This Selected Issues paper analyzes the decentralization of government in the Union of the Comoros and its economic management functions foreseen under the constitution. The paper examines the special challenge of combining a civil service reform needed to increase the efficiency of the civil service with the decentralization of the civil service foreseen under the new constitution. It discusses developments in a number of civil service indicators that are often used to analyze the government wage bill and employment in relation to economic and fiscal objectives.

II. Decentralization in the Comoros—Striking a Balance1

A. Introduction

6. In December 2001, Comorians overwhelmingly voted in favor of a new constitution. Its principal feature was a radical devolution of authority from the central government to island governments led by their own elected presidents. With this vote, the country moved from a unitary state, with local administrations overseen by island governors appointed by the central government, to a federal structure. At the same time, however, the name of the country was changed from “Federal Islamic Republic of Comoros” to “Union of Comoros.” This apparent paradox can be readily understood by drawing a parallel with the European Union, which, though it has an increasing number of supranational features, remains so far primarily a union of independent states. It is clear from the events leading up to the new constitution’s adoption that framers and citizens alike shared this vision of decentralized government.

7. The three islands that make up the Comoros are home to only 630,000 people, and their per capita income is only around US$500 per year.2 The small size and low level of income sharply circumscribe the degree of decentralization that can be considered efficient, at the same time that the country’s pelagic nature creates a degree of natural independence of aspects of public administration on the three islands.

8. There are tensions between the constitutional call for decentralization and farreaching autonomy of the islands on the one hand, and the small size and limited resources of the country, on the other. They are not simple to resolve, and have lain at the heart of much of the political tumult in the country’s fewer than 30 years of independence. Nevertheless, a great deal of progress has been made toward defining a governmental structure that can command a popular consensus. The first serious test of whether these conceptual solutions can be successfully implemented is the agreement on transitional arrangements that was reached in December 2003.3

9. This paper seeks to document the path that the country has followed in defining its approach to intergovernmental relations. It will focus on fiscal relations under the new constitution and draw upon both the existing literature on decentralization and previous Fund technical assistance (many of the issues raised and observations made reiterate advice given by earlier technical assistance missions) to contribute to the internal debate and to establish reference points for the road ahead.

B. Toward New Intergovernmental Fiscal Relations

Establishment of a new constitution

10. Since the time of independence in 1975, Comoros has been afflicted with what has come to look like chronic instability, with frequent changes of government. In August 1997, the situation took a turn for the worse. In response to perceived mismanagement by the central government and inadequate provision of public services, the island of Anjouan declared its independence from the Comoros. The years since have been dominated by the search for a formula, at times in a climate of intense mistrust, under which the Anjouanese would be prepared to return to the Comorian state, with issues of autonomy and decentralization at the forefront (Box II.1).

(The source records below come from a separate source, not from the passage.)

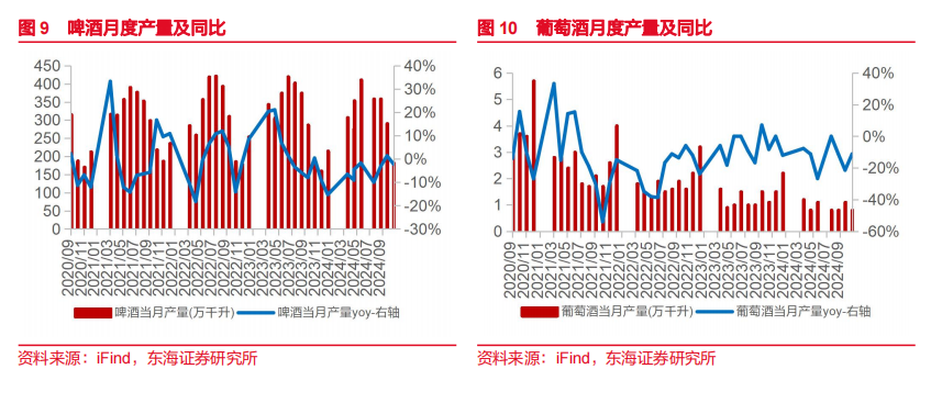 啤酒10月产量180.70万千升,同比下降2.30%。葡萄酒10月产量0.80万千升,同比下降11.10%。
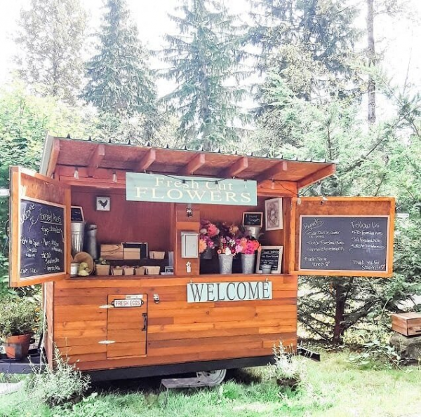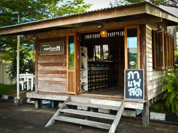 Warung model boot yang terbuat dari kayu.
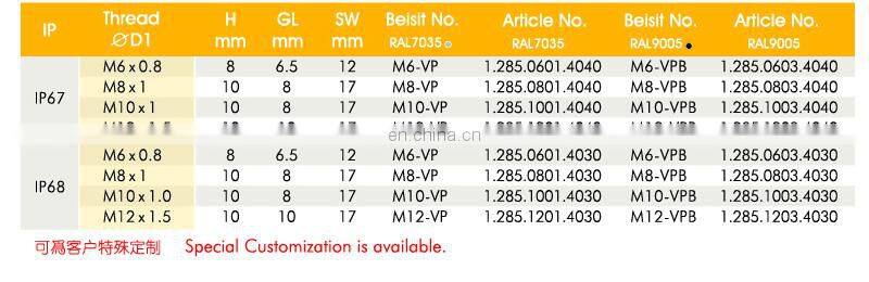 Other material or colors upon request。 | IP66/IP67/IP68/ROHS/REACH | |||||
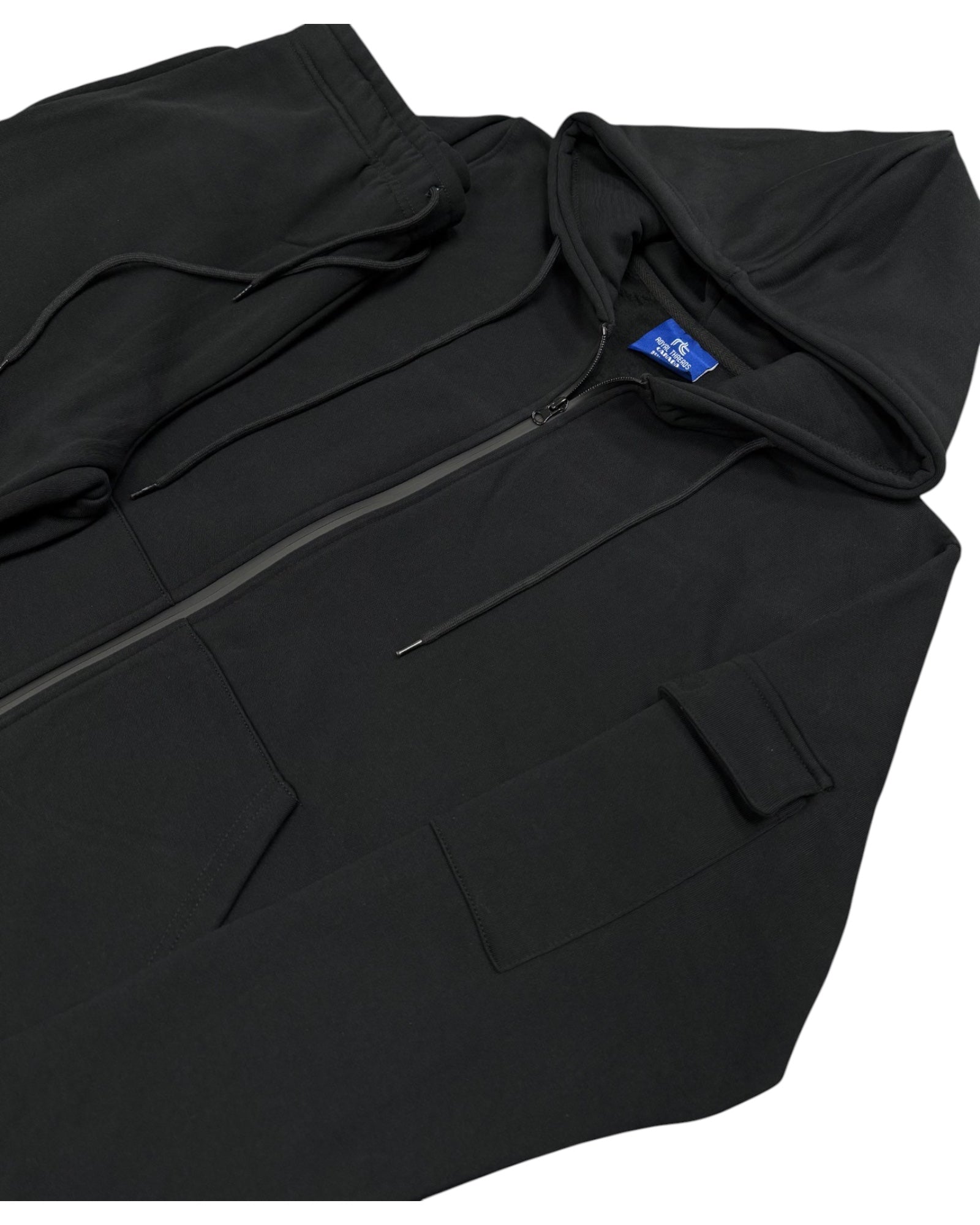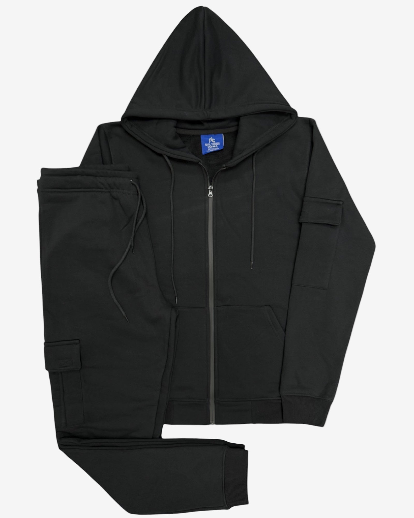 The zip-up hoodie with a utility arm pocket adds a touch of practicality and edge, while the multi-pocket joggers make storage easy without sacrificing fit or silhouette. Every detail — from the heavyweight fleece to the modern jogger cut — was chosen to deliver comfort that lasts and quality that stands out.

11. The international community, led by the Organization of African Unity (OAU; now the African Union), reacted negatively to the secession. A trade embargo was declared, and numerous attempts were made at mediation. In August 2000, an end to the Anjouanese secession was agreed between the government of Colonel Azali Assoumani, who had seized power in the capital Moroni (on the island of Ngazidja) the previous year, and the government of Anjouan (Fomboni I). In the face of opposition to the agreement by groups excluded from the negotiations and the agreement’s consequent rejection by the international community, this agreement was followed a few months later by a second, all-party agreement (Fomboni II). The new agreement received the endorsement of the international community and opened the way to national reconciliation. It outlined (i) a schedule for constitutional reform; (ii) the formation of a transitional government of national unity following a referendum on a new constitution; and (iii) elections and the final transition to democratic institutions, under a new structure with broader autonomy for the islands. A broad-based tripartite commission was charged with implementing the agreement, with financial and technical assistance provided mainly by the European Union (EU) and the United Nations Development Program (UNDP). In parallel, the federal government was to help Anjouan rebuild its administration, which had been affected by the trade embargo imposed on the island by the OAU in early 2000 and the suspension of federal government transfers.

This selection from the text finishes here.